= Records to use =
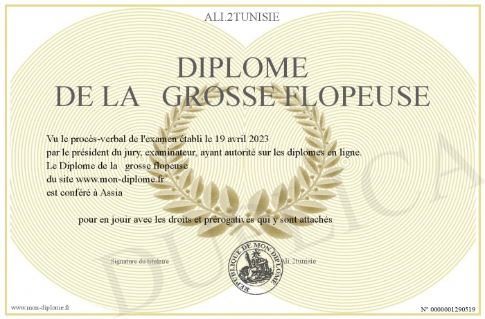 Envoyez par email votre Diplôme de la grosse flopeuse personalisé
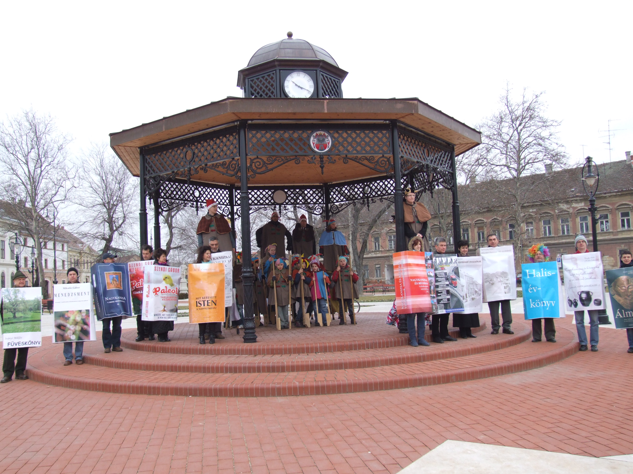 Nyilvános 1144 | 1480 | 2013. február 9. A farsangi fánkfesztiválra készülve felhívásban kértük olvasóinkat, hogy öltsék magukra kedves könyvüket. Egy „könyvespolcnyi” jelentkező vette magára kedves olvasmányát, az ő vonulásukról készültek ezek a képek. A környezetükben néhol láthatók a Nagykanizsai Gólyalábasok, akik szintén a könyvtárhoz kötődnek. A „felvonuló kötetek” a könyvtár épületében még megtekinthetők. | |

* * *

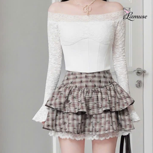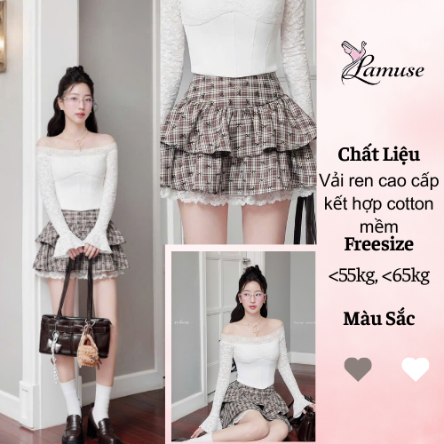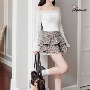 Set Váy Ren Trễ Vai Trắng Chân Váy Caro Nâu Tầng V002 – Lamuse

= Problem to work on =
Above, find the line with "Envoyez par email"; copy it and every line down to the line with "Nyilvános 1144 |", exactly and both included, but no pictures.

= Exercise response =
 Envoyez par email votre Diplôme de la grosse flopeuse personalisé
 Nyilvános 1144 | 1480 | 2013. február 9. A farsangi fánkfesztiválra készülve felhívásban kértük olvasóinkat, hogy öltsék magukra kedves könyvüket. Egy „könyvespolcnyi” jelentkező vette magára kedves olvasmányát, az ő vonulásukról készültek ezek a képek. A környezetükben néhol láthatók a Nagykanizsai Gólyalábasok, akik szintén a könyvtárhoz kötődnek. A „felvonuló kötetek” a könyvtár épületében még megtekinthetők. | |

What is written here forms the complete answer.